UMESM1.1 failing

SimonTett · 2 November 2023 17:20

Hi ,
I have made a copy of u-cj514/trunk@264964 to give u-da865. I have made the recommended changes at UKESM1.1-AMIP Release Notes. The model crashes soon after starting with the error below. Are there other things I need to change to make it work?
Simon

???
???!!!???!!!???!!!???!!!???!!! ERROR ???!!!???!!!???!!!???!!!???!!!
? Error code: 2
? Error from routine: EG_BICGSTAB_MIXED_PREC
? Error message: Convergence failure in BiCGstab after restartSee the following URL for more information:
? https://code.metoffice.gov.uk/trac/um/wiki/KnownUMFailurePoints
? Error from processor: 377
? Error number: 61

RosalynHatcher · 3 November 2023 08:40

Hi Simon,

There a couple of things that need changing in that suite. I’m currently talking to the MO to get that suite (and others) updated.

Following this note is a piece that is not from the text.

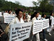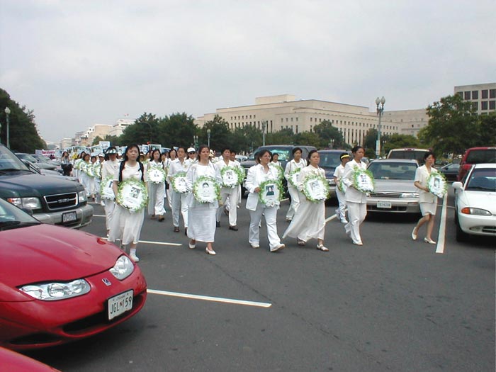 在他们的后面是18排手持控诉血腥迫害的小展板的白衣大法弟子。然后是由三名学员打出的“中国迫害法轮功的幸存者”横幅做前导,封莉莉教授,张昆仑教授,李明,吉米邹博士等人跟在后面,他们历经劫难,九死一生来到美国。

You’ll need to change the suite to pick up the start dump from Simon’s directory for now.

/work/n02/n02/simon/u-by791/by791a.da19790101_00

In file site/archer2.rc you’ll also need to change:

ROSE_LAUNCHER_PREOPTS = {{ATM_SLURM_FLAGS}}
to
ROSE_LAUNCHER_PREOPTS = {{ATM_SLURM_FLAGS}} --cpus-per-task={{MAIN_OMPTHR_ATM}}

Cheers,
Ros.

SimonTett · 3 November 2023 10:45

Thanks Ros,
I’ll do that and report back! The failure message doesn’t look like a file-not-found error – is it falling back to some unreasonable default?
Simon

SimonTett · 3 November 2023 14:38

And it seems to be working – model is running and ran for a while!
Simon

RosalynHatcher · 3 November 2023 14:59

Glad to hear it’s running now. It wasn’t a file-not-found issue, the start dump was dodgey.

SimonTett · 6 November 2023 11:11

Though the model was running it ran out of time after 3 hours & 50 mins. Which I think should be enough for a 3 month simulation. Looking in the output the model has ran 311 timesteps and the pa/pm/pb files are empty according to xconv.

job.err has messages of the form:
srun: Warning: can’t honor --ntasks-per-node set to 64 which doesn’t match the requested tasks 504 with the number of requested nodes 8. Ignoring --ntasks-per-node.
[0] exceptions: feenableexcept() mask [0x00000000] enabled. (mask [0x00000000] requested)
WARNING: Requested total thread count and/or thread affinity may result in
oversubscription of available CPU resources! Performance may be degraded.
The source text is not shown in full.